On 9/30/20 1:40 AM, Jason Gunthorpe wrote:
> On Wed, Sep 30, 2020 at 12:57:48AM +0800, Ka-Cheong Poon wrote:
>> On 9/7/20 9:48 PM, Ka-Cheong Poon wrote:
>>
>>> This may require a number of changes and the way a client interacts with
>>> the current RDMA framework.  For example, currently a client registers
>>> once using one struct ib_client and gets device notifications for all
>>> namespaces and devices.  Suppose there is rdma_[un]register_net_client(),
>>> it may need to require a client to use a different struct ib_client to
>>> register for each net namespace.  And struct ib_client probably needs to
>>> have a field to store the net namespace.  Probably all those client
>>> interaction functions will need to be modified.  Since the clients xarray
>>> is global, more clients may mean performance implication, such as it takes
>>> longer to go through the whole clients xarray.
>>>
>>> There are probably many other subtle changes required.  It may turn out to
>>> be not so straight forward.  Is this community willing the take such changes?
>>> I can take a stab at it if the community really thinks that this is preferred.
>>
>>
>> Attached is a diff of a prototype for the above.  This exercise is
>> to see what needs to be done to have a more network namespace aware
>> interface for RDMA client registration.
> 
> An RDMA device is either in all namespaces or in a single
> namespace. If a client has some interest in only some namespaces then
> it should check the namespace during client registration and not
> register if it isn't interested. No need to change anything in the
> core code.


After the aforementioned check on a namespace, what can the client
do?  It still needs to use the existing ib_register_client() to
register with RDMA subsystem.  And after registration, it will get
notifications for all add/remove upcalls on devices not related
to the namespace it is interested in.  The client can work around
this if there is a supported way to find out the namespace of a
device, hence the original proposal of having rdma_dev_to_netns().
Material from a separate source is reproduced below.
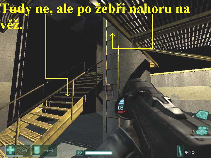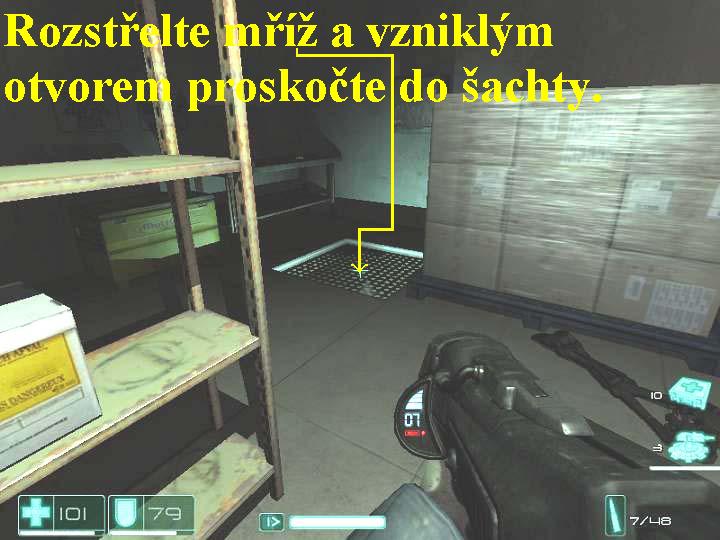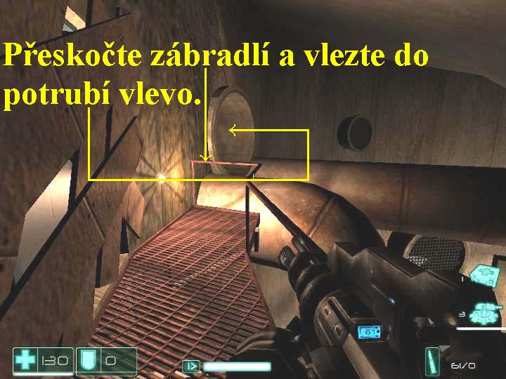 Organizace Replica používá městské metro pro transport vybavení a zásob, kam je ale odvážejí, o tom nemáte ani potuchy. Běžte tudíž po kolejích metra až k východu u Aurbunské pamětní nemocnice, vaším druhotným úkolem je získat informace o aktivitách oddílů Replica v systému metra. Vydejte se tunelem dopředu, tak dojdete Almu, která vám pomůže zlikvidovat několik nepřátel. Pokračujte stále vpřed, postřílejte vojáky po levé straně na nástupišti, přeskákejte si tam a pravou stranou přes kolejiště seběhněte dolů ke dveřím dříve, než vás smete přijíždějící vlaková souprava. Projděte těmito dveřmi a v chodbě pokračujte doprava, vlevo na zdi seberte lékárničku, zabočte doleva, narazíte na mrtvolu. Ustřelte zámek u dvoudílné brány vlevo, vejděte dovnitř, skrčte se a projděte šachtou přes několik dveří a místností, v nichž naleznete mnoho užitečných předmětů se tak vrátíte nazpět ke zmíněné mrtvole. Nad schůdky projděte dveřmi, v místnosti se zbavte nepřátel, vylezte nahoru po žebříku, jděte po rampě na konec, v malé místnosti seberte lékárničku. Vraťte se a slezte po žebříku zpět dolů, pokračujte doleva, na konci vpravo vyběhněte nahoru po schodišti, postřílejte vojáky, za rožkem vpravo si můžete vyměnit zbraň, vlevo od dveří seberte lékárničku a poté dveřmi projděte. V místnosti na jejím konci vylezte nahoru po žebříku, projděte chodbou, na jejímž konci slezte po žebři dolů, projděte dveřmi. Na kolejích vlevo zničte dvě automatické střelecké věžičky, zabočte doleva a vstupte do posledních dveří vpravo. Jakmile jimi projdete, budete mít halucinace, po jejich skončení pokračujte chodbou vpřed, projděte dalšími dveřmi, na konci chodby vyberte předměty z regálu a vlevo postřílejte zdálky několik nepřátel. Vyběhněte doleva po schodech, zbavte se přeživších vojáků, seberte lékárničku, na druhé straně vyběhněte nahoru po schodišti, seberte další lékárničku a projděte dveřmi. Na konci chodby odbočte doprava, projděte dveřmi vpravo, pokračujte chodbou dopředu, likvidujte vojáky, sbírejte lékárničky, projděte dveřmi a zbavte se nepřátel vpravo. Přeskočte převrhnutou poličku, v místnosti pobijte vojáky, odbočte na druhé straně za roh doleva, přeskočte potrubí a postřílejte další nepřátele. Vstupte do protější chodby, lomenou chodbou se vydejte dopředu, při první příležitosti odbočte dvakrát po sobě doleva a v podlaze před vámi rozstřelte mříž, vzniklým otvorem potom proskočte dolů do chodby0000009449_n07.jpg (50059 bytes) (obr.7). Vlevo střelte do bedny, tak z ní vypadne posilovač zdraví, pakli ho seberete, kapacita vašeho zdraví stoupne na hodnotu 125. Nyní se vracejte doprava, odbočte vlevo, vběhněte do zatopené místnosti na rampu a na jejím konci seběhněte po schůdcích vpravo do vody, jděte k žebříku a lezte po něm nahoru. Asi v polovině žebře je v chodbě voják, včas ho sejměte, pokud vás srazí, pošlete mu ze země nahoru „pozdrav“ z nějaké razantní zbraně, pak vylezte po žebři znovu až úplně nahoru. V místnosti seberte lékárničku a po druhém žebři si vylezte do chodby výš, odbočte doprava a sejměte vojáka s lehkým kulometem. Odbočte na rampu vlevo, vpravo seběhněte dolů po schodech, pokračujte lomenou chodbou doprava, sbírejte lékárničky, v místnosti s kabely na zemi projděte dveřmi doprava. V chodbě odbočte doprava, jděte chodbou dopředu, zabočte vlevo a vpravo projděte dál přes dvoudílné dveře. Vejděte do místnosti vlevo, otočte se a nad vámi střelte do barelu s trhavinou, ten vybuchne a vy se tak lehce zbavíte nepřátel, tam se ukrývajících. Z regálů posbírejte vše co lze, mimo jiné tak získáte další posilovač zdraví a teď tedy činí hodnota jeho ukazatele 130. Projděte vlevo dvoukřídlými dveřmi, seberte lékárničku a seběhněte dolů po schůdcích, vlevo se nachází místnost s generátory a se spoustou nepřátel. Zde použijte z vašeho inventáře střelecké věžičky (G), vhodně je rozestavte, použijte i zpomalovací mód (levý Ctrl), tak velice snadno nad nepřátelskou přesilou zvítězíte. Jakmile prostor vyčistíte, obejděte místnost zprava, sbírejte vše užitečné, tak projdete nazpět do místnosti s generátory. Vyběhněte nahoru po schodišti, vstupte do místnosti vlevo, zbavte se nepřátel a místnost prohledejte, poté pokračujte dál chodbou v protisměru. Téměř před koncem této chodby vstupte do dveří vlevo, budete mít vize, seběhněte dolů po schodech, vstupte do dveří vpravo. Zbavte se přízraku a seberte lékárničku, vyběhněte schody vpravo, vstupte do dveří vlevo. Pod schůdky pokračujte dál dveřmi vpravo, sejděte po schůdcích k řídícímu pultu, odbočte vlevo a vlevo za rohem rozstřelte na zdi mříž, skrčte se a vlezte do větrací šachty. Rožněte si baterku, lezte šachtou dopředu, na jejím konci vylezte nahoru po žebříku, další šachtou prolezte až na konec, popojděte dopředu a propadnete se dolů, to je konec této části.

>> Is the RDMA shared namespace mode the preferred mode to use as it is the
>> default mode?
> 
> Shared is the legacy mode, modern systems should switch to namespace
> mode at early boot


Thanks for the clarification.  I originally thought that the shared
mode was for supporting a large number of namespaces.  In the
exclusive mode, a device needs to be assigned to a namespace for
that namespace to use it.  If there are a large number of namespaces,
there won't be enough devices to assign to all of them (e.g. the
hardware I have access to only supports up to 24 VFs).  The shared
mode can be used in this case.  Could you please explain what needs
to be done to support a large number of namespaces in exclusive
mode?

BTW, if exclusive mode is the future, it may make sense to have
something like rdma_[un]register_net_client().
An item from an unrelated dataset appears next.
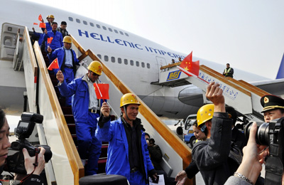 Echipa de lucru trimisă de guvernul chinez pentru retragerea cetăţenilor chinezi din Libia şi-a încheiat misiunea şi s-a întors sâmbătă dimineaţă la Beijing. La bordul a două avioane se află şi cetăţeni chinezi retraşi din Tunisia şi Grecia, în total 778 de persoane.

>> Is it expected that a client knows the running mode before
>> interacting with the RDMA subsystem?
> 
> Why would a client care?


Because it may want to behave differently.  For example, in shared
mode, it may want to create shadow device structure to hold per
namespace info for a device.  But in exclusive mode, a device can
only be in one namespace, there is no need to have such shadow
device structure.


>> Is a client not supposed to differentiate different namespaces?
> 
> None do today.


This is probably the case as calling rdma_create_id() in kernel can
disallow a namespace to be deleted.  There must be no client doing
that right now.  My code is using RDMA in a namespace, hence I'd
like to understand more about the RDMA subsystem's namespace support.
For example, what is the reason that the cma_wq is a global queue
shared by all namespaces instead of per namespace?  Is it expected
that the work load will be low enough for all namespaces such that
they will not interfere with each other?


>> A new connection comes in and the event handler is called for an
>> RDMA_CM_EVENT_CONNECT_REQUEST event.  There is no obvious namespace info regarding
>> the event.  It seems that the only way to find out the namespace info is to
>> use the context of struct rdma_cm_id.
> 
> The rdma_cm_id has only a single namespace, the ULP knows what it is
> because it created it. A listening ID can't spawn new IDs in different
> namespaces.


The problem is that the handler is not given the listener's
rdma_cm_id when it is called.  It is only given the new rdma_cm_id.
Do you mean that there is a way to find out the listener's rdma_cm_id
given the new rdma_cm_id?  But even if the listener's rdma_cm_id can
be found, what is the mechanism to find out the namespace of that
listener's namespace in the handler?  The client may compare that
pointer with every listeners it creates.  Is there a better way?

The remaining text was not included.